Two wildly successful companies are often discussed in the same breath, whether it's surrounding their tenured presence in the popular group of FAANG stocks or the fact that they both offer fast-growing streaming-TV services. Those stocks are none other than Amazon (NASDAQ:AMZN) and Netflix (NASDAQ:NFLX), two longtime Wall Street darlings.
Today, both of these companies remain extremely successful, continuing to grow their top and bottom lines rapidly. Indeed, a good case can still be made for buying both companies' stocks.
Amazon has stubbornly resisted the meaningful deceleration in growth you would expect from a company as big as it is. Indeed, revenue growth accelerated last year. In 2019 and 2020, revenue grew 20% and 38%, respectively. Sure, 2020 results benefited significantly from increased e-commerce use as people around the world were sheltering at home amid a pandemic. But even as Amazon laps tough comparisons from 2020, it is growing rapidly. Second-quarter 2021 net sales increased 27% year over year.

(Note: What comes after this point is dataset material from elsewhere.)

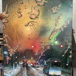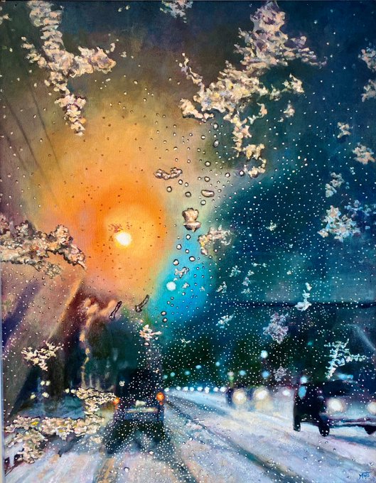 『 帰路につく みぞれ 』 油彩、F80号キャンバス 2022年制作 #絵描きさんと繋がりたい #絵柄が好みって人がいればいいなぁ #みんなで楽しむTwitter展覧会 #油絵 #水滴 #雪 #みぞれ

The company's profits have been growing even more rapidly. Net income in the trailing 12 months ended June 30, 2020, was $29.4 billion, up from $13.2 billion in the same period one year earlier.
And Amazon stock isn't as expensive as one might think. Yes, its $1.6 trillion market capitalization is hard to fathom. But with $443 billion in trailing-12-month sales, $59.3 billion in operating cash flow, a fast-growing top line, and a steadily expanding operating margin, this valuation starts to look conservative, or even cheap.
Streaming TV company Netflix is similarly growing its top line rapidly. Revenue increased 19% year over year during the second quarter.
But the real magic for Netflix right now is the company's soaring earnings. EPS in the second quarter was $2.97, up from $1.59 in the year-ago period. More importantly, analysts expect rapid earnings growth to persist over the next five years because of how scalable the company's business model is. Content costs and other expenses are quickly declining as a percentage of revenue.
On average, analysts expect Netflix's earnings per share to compound at an average annual rate of 43% over the next five years -- ahead of the 36% growth expected from Amazon. Understanding Netflix's uncanny earnings potential is key to justifying its high price-to-earnings ratio of 56.
Overall, both stocks look like attractive long-term investments. But the better buy might be Amazon, thanks to its robust top- and bottom-line growth and its sprawling competitive advantages from its powerful flywheel of Prime member benefits and its leadership in both e-commerce and cloud computing.
Amazon's growth story ultimately seems more sustainable and predictable as the company benefits from numerous secular tailwinds across various aspects of its business.